Edmonton’s housing market stabilized with year-over-year price changes ranging from minus 1.8 per cent to increases of 2.3 per cent. Calgary’s house prices saw modest year-over-year depreciation across all three housing types surveyed as a result of an increase in inventory. This coupled with low interest rates has presented attractive opportunities for potential buyers.
Driven by low interest rates, single family homes in Vancouver again dominated house price gains as two-storey houses rose year-over-year by 9.7 per cent. Although inventory is down slightly from last year, listings are keeping pace with demand.
Royal LePage’s quarterly House Price Survey shows the annual change of prices for key housing segments in select national markets. Click here to view the chart .
About the Royal LePage House Price Survey
The Royal LePage House Price Survey is the largest, most comprehensive study of its kind in Canada, with information on seven types of housing in over 250 neighbourhoods from coast to coast. This release references an abbreviated version of the survey which highlights house price trends for the three most common types of housing in Canada in 90 communities across the country. A complete database of past and present surveys is available on the Royal LePage Web site at www.royallepage.ca.

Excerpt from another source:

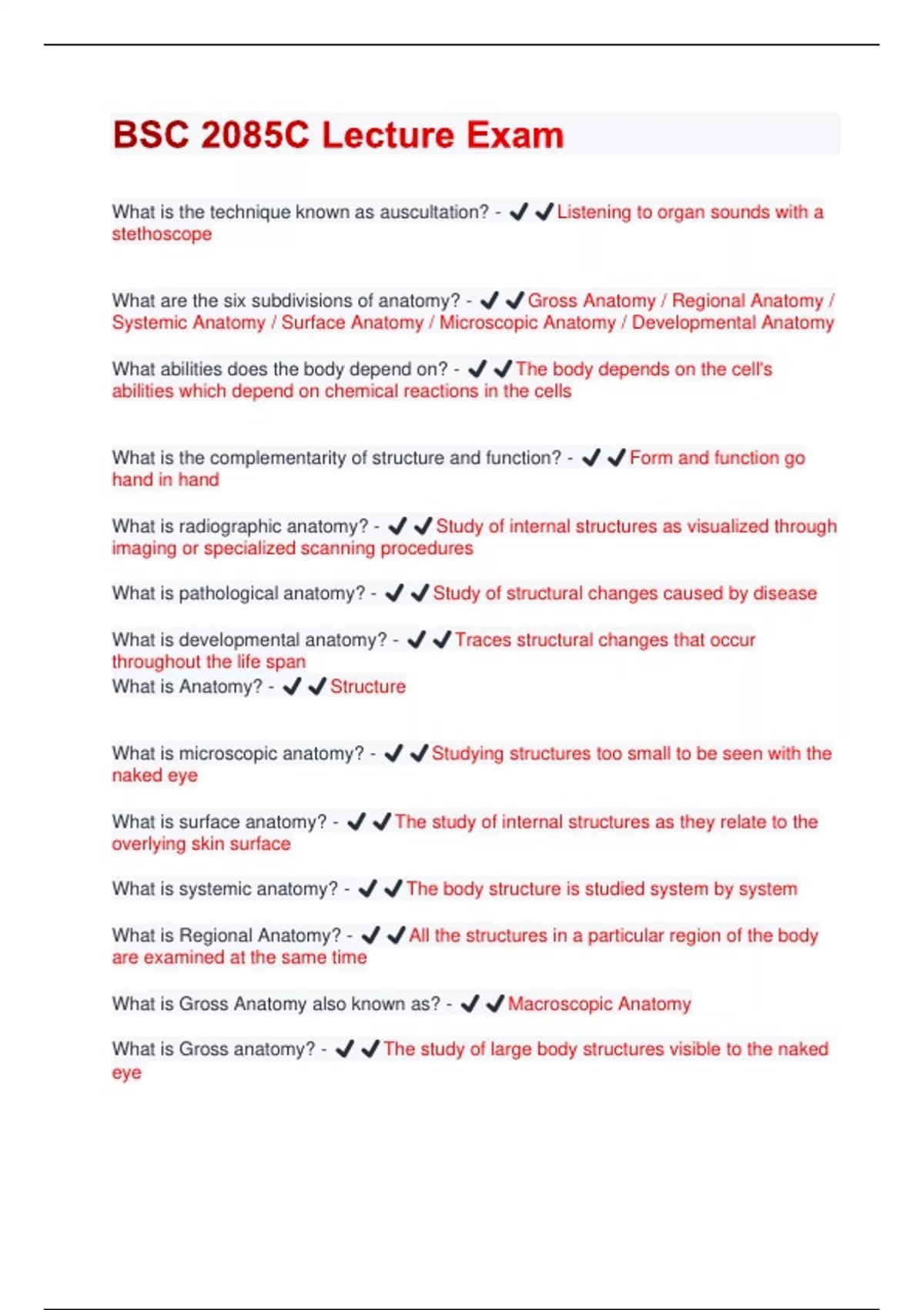 BSC 2085C Lecture Exam Questions And Answers Rated 100% Correct!!

Current figures will be updated following the complete tabulation of the data for the first quarter 2011. A printable version of the first quarter 2011 survey will be available online on May 6th, 2011.
Housing values in the Royal LePage House Price Survey are Royal LePage opinions of fair market value in each location, based on local data and market knowledge provided by Royal LePage residential real estate experts.